Most probably you know that the use of this addition improves performance, but when you’re starting you may be not aware of how much it does. When using LOOP WHERE the BINARY SEARCH is performed under the hood, so for newbies it can become even more complex to understand when and why ABAP is doing this search optimal for you.
I coded a little example testing 4 cases:
- LOOP WHERE over a STANDARD TABLE (Sorted with a sort statement)
- LOOP WHERE over a SORTED TABLE
- READ TABLE BINARY SEARCH + LOOP FROM INDEX over a STANDARD TABLE (Sorted with a sort statement)
- READ TABLE BINARY SEARCH + LOOP FROM INDEX over a SORTED TABLE
I prepared the variables below for my program:
TYPES: BEGIN OF lt_head, docnr TYPE n LENGTH 10, gjahr TYPE gjahr, END OF lt_head, BEGIN OF lt_position, docnr TYPE n LENGTH 10, gjahr TYPE gjahr, posnr TYPE n LENGTH 3, END OF lt_position.

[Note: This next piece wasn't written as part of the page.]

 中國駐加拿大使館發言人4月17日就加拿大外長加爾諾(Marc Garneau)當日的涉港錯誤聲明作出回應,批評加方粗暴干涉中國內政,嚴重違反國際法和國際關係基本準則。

DATA: li_head TYPE STANDARD TABLE OF lt_head WITH HEADER LINE, li_positions TYPE STANDARD TABLE OF lt_position WITH HEADER LINE, li_positions_sorted TYPE SORTED TABLE OF lt_position WITH NON-UNIQUE KEY docnr gjahr posnr WITH HEADER LINE.

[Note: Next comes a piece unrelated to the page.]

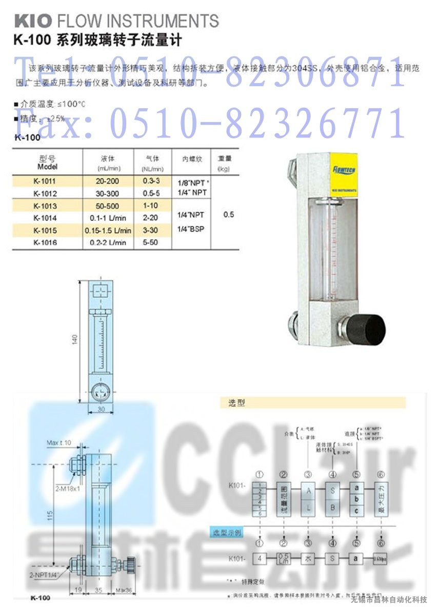 K-1014,K-1015,K-1016玻璃轉(zhuǎn)子流量計(jì)

LI_HEAD will contain 5000 entries and each of this entries will contain 5 entries in the LI_POSITIONS and LI_POSITIONS_SORTED tables, the program is going to perform just the LOOPs, no code inside, as show below (You can ignore the macros i used to get runtime measurement):
START_MEASUREMENT 'SORT'. SORT li_positions BY docnr gjahr posnr. END_MEASUREMENT 'SORT'. START_MEASUREMENT 'LOOP WHERE'. LOOP AT li_head. LOOP AT li_positions WHERE docnr = li_head-docnr AND gjahr = li_head-gjahr. ENDLOOP. ENDLOOP. END_MEASUREMENT 'LOOP WHERE'. START_MEASUREMENT 'LOOP WHERE SORTED TABLE'. LOOP AT li_head. LOOP AT li_positions_sorted WHERE docnr = li_head-docnr AND gjahr = li_head-gjahr. ENDLOOP. ENDLOOP. END_MEASUREMENT 'LOOP WHERE SORTED TABLE'. START_MEASUREMENT 'BINARY SEARCH'. LOOP AT li_head. READ TABLE li_positions WITH KEY docnr = li_head-docnr gjahr = li_head-gjahr BINARY SEARCH. IF sy-subrc = 0. LOOP AT li_positions FROM sy-tabix. IF li_positions-docnr <> li_head-docnr OR li_positions-gjahr <> li_head-gjahr. EXIT. ENDIF. ENDLOOP. ENDIF. ENDLOOP. END_MEASUREMENT 'BINARY SEARCH'. START_MEASUREMENT 'BINARY SEARCH SORTED TABLE'. LOOP AT li_head. READ TABLE li_positions_sorted WITH KEY docnr = li_head-docnr gjahr = li_head-gjahr BINARY SEARCH. IF sy-subrc = 0. LOOP AT li_positions_sorted FROM sy-tabix. IF li_positions_sorted-docnr <> li_head-docnr OR li_positions_sorted-gjahr <> li_head-gjahr. EXIT. ENDIF. ENDLOOP. ENDIF. ENDLOOP. END_MEASUREMENT 'BINARY SEARCH SORTED TABLE'.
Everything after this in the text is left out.